_What you are asked to do:_
Please, from the entries below, transcribe exactly the lines that begin at the line with "delle modanature. Sezioni." and end at the line with "Rolex Yacht-Master 116622", without the pictures.

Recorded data
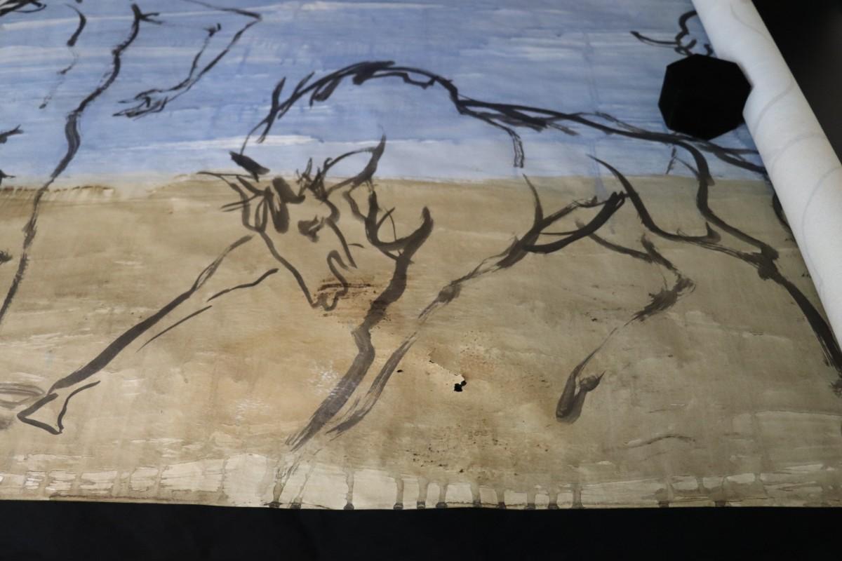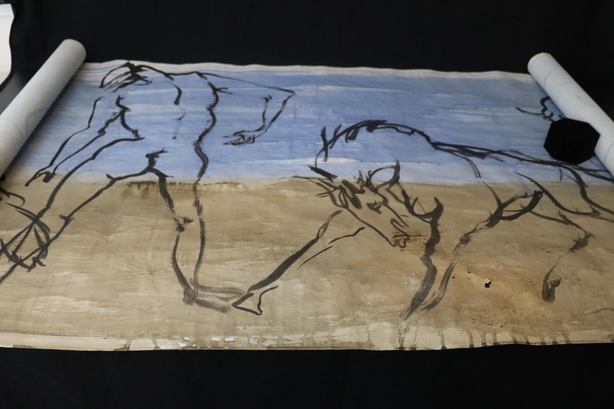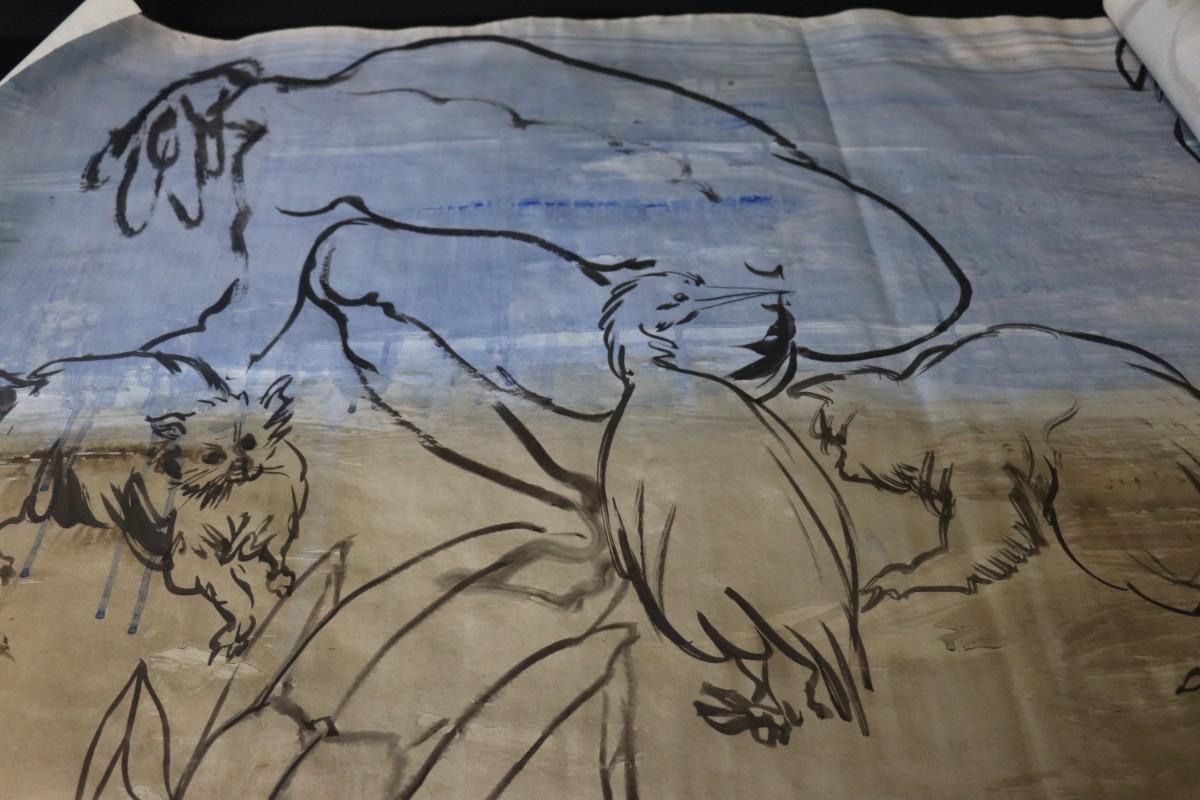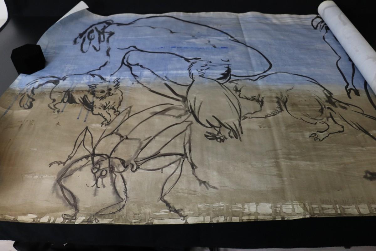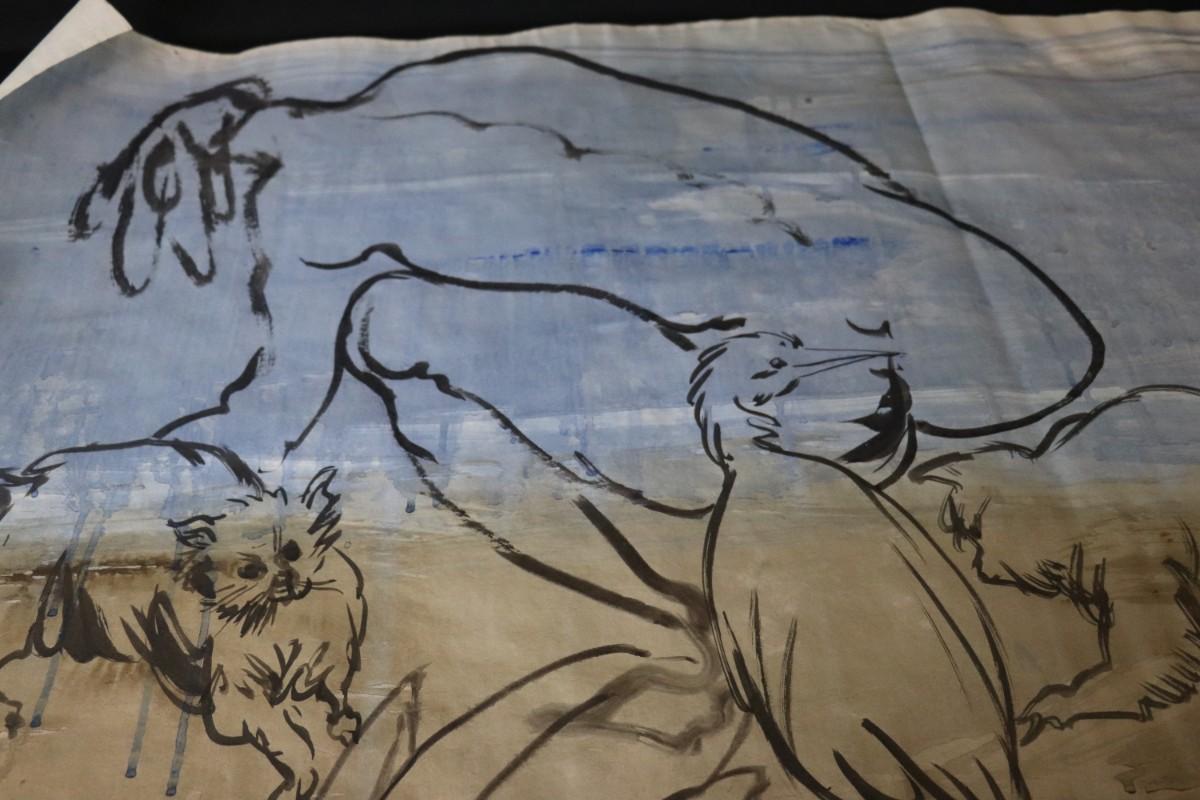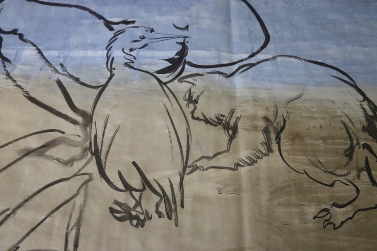 Incredible piece of art by Kenneth Callahan (American, 1905 - 1986). From the private collection of a dear friend of the artist's, this outstanding example of his sumi ink and wash artwork is approximately 157.5 inches long (13.13 ft) in totality! The scale of this piece is truly remarkable and unique- no other pieces at this size exist by Callahan! The images show the figures in sequence as the paper was unrolled. It was stored in good conditions with the paper rolled as shown. This huge piece of art includes figures of nude men in different poses, a nude woman, cats, a dog, birds, insects, a bull, and a horse. Signed and dated to 1969. Condition is good, with some small holes (shown in images).
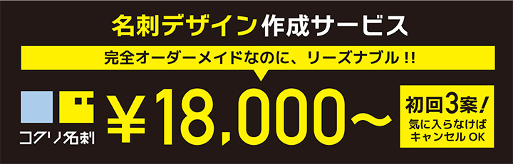 コクリ名刺は、完全オーダーメイドなのに、料金は18,000円(片面)とリーズナブルです。
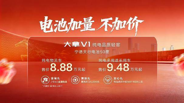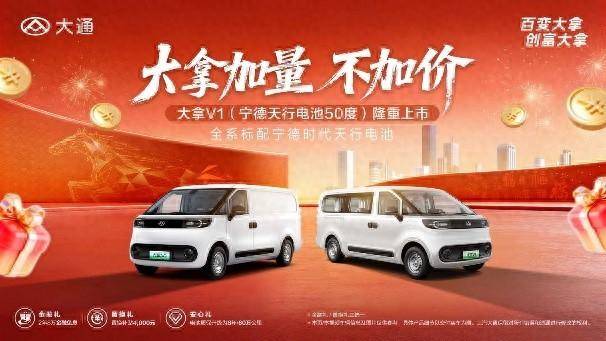 2月25日,“中国轻客第一品牌”大通打响马年新车发布第一枪,旗下明星车型大拿V1(宁德天行电池50度)震撼上市!新车全系标配宁德天行电池50度,在保持原有价格体系不变的基础上,实现电池配置、续航能力、补能效率与质保政策全方位升级,给到用户“加量不加价”的诚挚优惠,为城配物流、小微创业等群体打造高效、经济、可靠的绿色创富工具,也为2026年商用新能源市场的发展树立全新价值标杆。
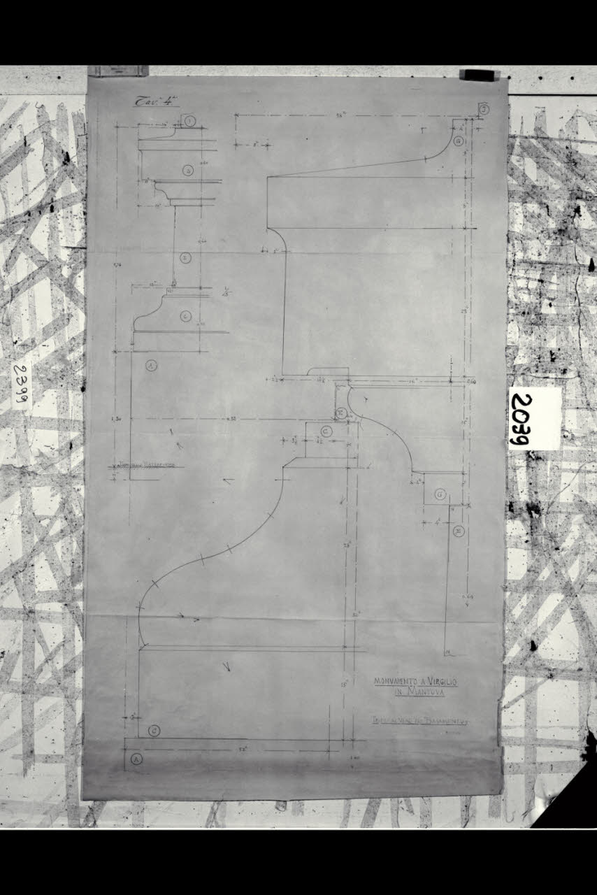 Mantova, Monumento commemorativo a Virgilio. Dettagli delle cornici e delle modanature. Sezioni. Mantova, Monumento commemorativo a Virgilio. Dettagli delle cornici e delle modanature. Sezioni
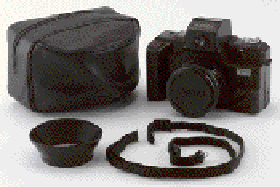 "Akira" 35mm camera features 50mm lens, easy film load system, auto advance, auto rewind, auto exposure control, and includes carrying case, additional lens hood, and shoulder strap. Requires 2 AA batteries, not included.
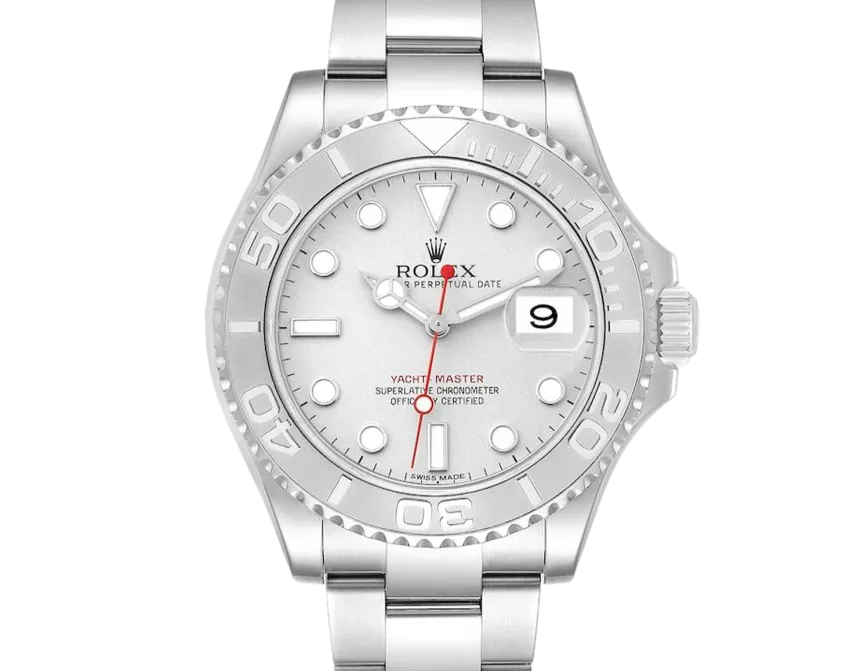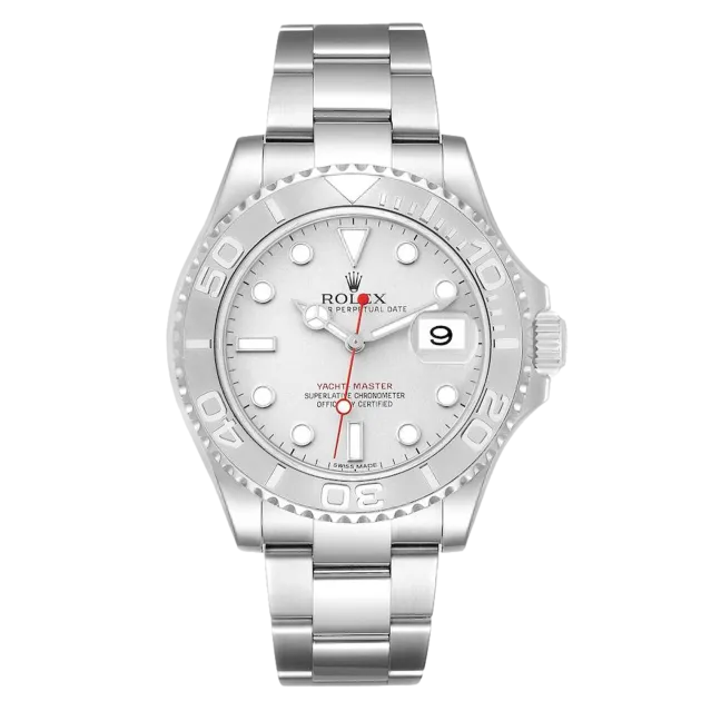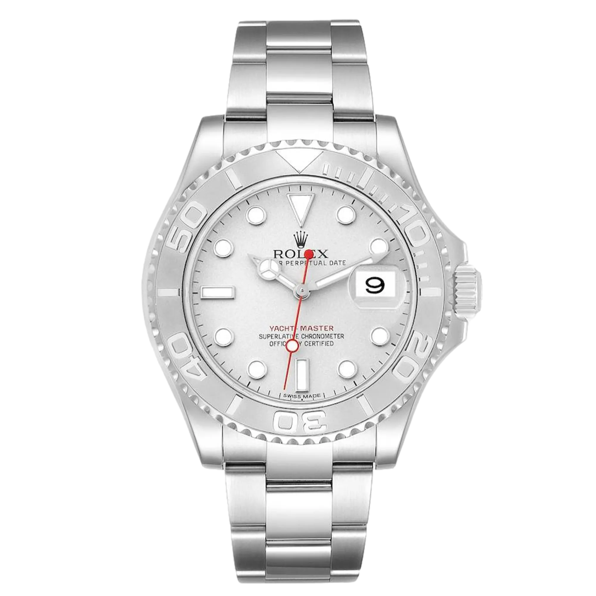 Rolex Yacht-Master 116622 Movement : Automatic Case size : 40mm Case material : Platinum & Steel Bracelet material : Steel (Oyster) Dial type : Platinum Water resistance : 100 Metres
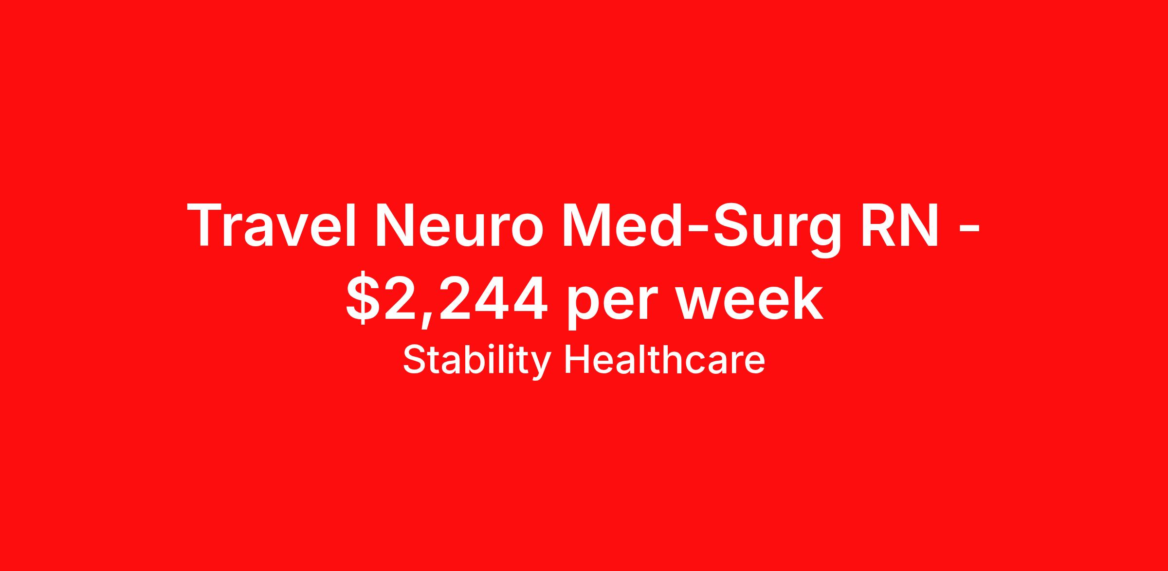 Stability Healthcare is seeking a travel nurse RN Med Surg for a travel nursing job in Peoria, Illinois. Job Description & Requirements Specialty: Med Surg Discipline: RN Duration: 13 weeks 36 hours per week Shift: 12 hours, nights Employment Type: Travel Stability Healthcare is looking for a Med-Surg RN contract position in Peoria, IL. The majority of hospitalized patients are admitted to M/S either directly or after surgery. M/S is also where patients who have been in critical care (ICU) are transferred when they no longer need critical care but still require nursing care. *$600 travel bonus *Day 1 health insurance with United Healthcare *PTO plan start accruing on day 1, use during contract or cash out at the end! *Guaranteed stipend if facility calls you off *Extra hour bonus earn an additional hourly bonus for working over your weekly contracted hours Stability Job ID 827466. Pay package is based on 12 hour shifts and 36 hours per week (subject to confirmation) with tax-free stipend amount to be determined. Posted job title: Med-Surg About Stability Healthcare Stability Healthcare was founded in 2009, with the mission of becoming the best Travel Nursing Agency in California. We have been rated one of the top travel nursing agencies and offer our nurses the highest paying travel nursing jobs available. We have access to the best travel assignments from 1000’s of facilities. You can start the year off in sunny California, spend the Spring in the Colorado Rockies, enjoy the Summer in the Mid-West, experience the change of seasons in Boston and New York, and hit the beaches of Florida in the winter. Our Nurses work in the best hospitals and health systems in the country. Benefits Guaranteed Hours Benefits start day 1

_Exercise solution:_
 Mantova, Monumento commemorativo a Virgilio. Dettagli delle cornici e delle modanature. Sezioni. Mantova, Monumento commemorativo a Virgilio. Dettagli delle cornici e delle modanature. Sezioni
 "Akira" 35mm camera features 50mm lens, easy film load system, auto advance, auto rewind, auto exposure control, and includes carrying case, additional lens hood, and shoulder strap. Requires 2 AA batteries, not included.
 Rolex Yacht-Master 116622 Movement : Automatic Case size : 40mm Case material : Platinum & Steel Bracelet material : Steel (Oyster) Dial type : Platinum Water resistance : 100 Metres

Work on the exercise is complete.